Monday, June 13, 2005

And There Was Much Rejoicing.

Games 60 through 63 - Mets

Angels 12, Mets 2
Mets 5, Angels 3
Angels 4, Mets 3
Record: 32-31

Over the course of my weekend in New York, the Mets reclaimed sole possession of last place in the NL East. Feels like home, doesn't it? But it doesn't matter. And what with the Nationals ripping off a stunning ten in a row, last place isn't spitting-distance from the top spot like it was a week or so ago. Doesn't matter. The Mets got walloped on Friday night as the Halos added a grand slam in the ninth for an after-dinner gutpunch -- as if dumping Mo Vaughn on the team a few years back weren't insult enough. Doesn't matter. And after winning on Saturday, the Mets lost a Pedro start Sunday when a David Wright error allowed the winning run to score in the 9th inning. Fine work, gents. But you know what?

Doesn't matter.

None of that other stuff matters to me because of Saturday night. Amid a stretch of games played as if the Mets were skunked on hooch, the squad came up huge. I was in a tiny bar in a tin can town throwing back cold beer, listening to a band of nobodies crank out some music, and keeping one eye on the television over the bar. Flanked by family at all sides doing the same, we talked and drank and even danced, reluctantly, all while monitoring the progress of the beloved Mets. When Marlon Anderson collided with the Angel catcher only after sliding a cleat over the plate for a rare, bizarre, ridiculous inside-the-park home run, it became clear the entire bar was dancing/drinking/playing/serving with one eye on the ballgame. The place went nuts, with folks jumping up and down like idiots, high-fiving sloppily, and reveling in the company of strange barmates. It was fantastic.
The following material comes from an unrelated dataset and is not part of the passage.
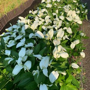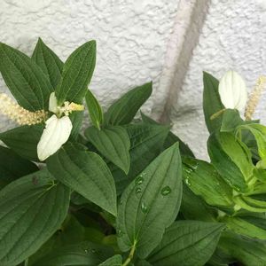今朝他の人が投稿してたので我が家のを見に行ったら一株だけ葉っぱが白く変化した半夏生を発見
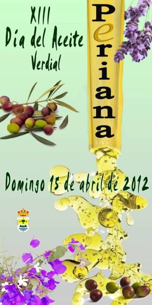 El Domingo día 15 de Abril de 2012, tendrá lugar la XIII edición del Día del Aceite Verdial en el municipio de Periana. La jornada, declarada Fiesta de Interés Turístico Provincial, tiene como principal objetivo dar a conocer el “oro líquido” que se extrae del olivo verdial, una clase de árbol que produce una singular aceituna de la que sale un producto de color dorado y sabor dulce, único y original. Esta singularidad de esta aceituna ya fue apreciada por fenicios y romanos y en los tiempos del reino nazarí.

And then Doug Meant-to-get-my-glove-down missed an easy grounder that led to the go-ahead run in the top of the 10th. Groans and resigned returns to their music or beers. Abbreviated seminars confirmed that yes, defensive replacements hitting .208 who strike out miserably in their only at-bat should probably be able to handle routine ground balls. Tangents about not whether the Mets should trade for a first-baseman but whether Todd Helton or Mike Sweeney should be the target. And then a jerky little roller-coaster ride.

Reyes managed a bloop, and Cameron eked out a walk. The bar crowd packed in around the TV. Beltran and Piazza struck out quickly and weakly. Curses flew through the air, and some stormed off in anger, but most of us hung in there, just needing a Cliff Floyd hit to score Reyes.

When I say I hung in there, by the way, I mean I didn't give up my bar seat or anything, but hell, yes, was I sure the Mets had lost. And I was pissed. And let down. And determined to remind Jerry that my supposedly "seriously negative outlook" was more suitable than he'd considered.

When Floyd jacked a ball down the right field line, there was that pandemonium poise in the bar, and when it landed just foul, there was an even more severe letdown. That was it. That was the best good chance the boys had of pulling this one out. Dammit.

And then something odd happened. Jose Reyes took third with Angels reliever Brendan Donnelly holding the ball. Donnelly looked like he wasn't quite sure what had happened, or how, and maybe, just maybe that bugged him just enough so he'd be a fraction off on his next pitch, which . . .

Oh, my. Cliff Floyd hit a bomb to center and the celebration from before looked sleepy in comparison. What a blast, and what a blast ensued.

It was Game 62 of 162, one tiny win that couldn't offset the handful of recent losses -- couldn't even fend off last place, and yet it was enormous. It was the only game I caught a significant portion of over the weekend, supporting my newfound good luck charm status. It was the Mets' first win when trailing into the ninth inning this year -- after 26 failures. And it capped off a marvelous weekend of memorializing my Met-lovin' grandfather. Even the most secular-minded among us was alluding to there being something to the timing of things and our being together in the ol' town for this game. As an aside, if I'm tapping away at these Met posts five years from now in my new domicile inside the confines of Tuxedo Park, my life has worked out exactly as I'd wanted.

It'd be hard to argue convincingly that this was a win upon which to build, since the Mets turned right around and blew Sunday's game. Still, I don't think the events of Saturday night are to be discounted, as remarkable as they were. This club still has a ton of work cut out for it, but they have a certain intangible quality to them that sapsucker sportscasters would label "special" and Apollo would call "the eye of the tiger" but I'd prefer simply to call "sand." They've got more sand than the beach that Rob and I will be reclined upon by Friday, and that's a 180-degree spin from those Met teams who, annoyingly, haven't quite faded from my rearview yet.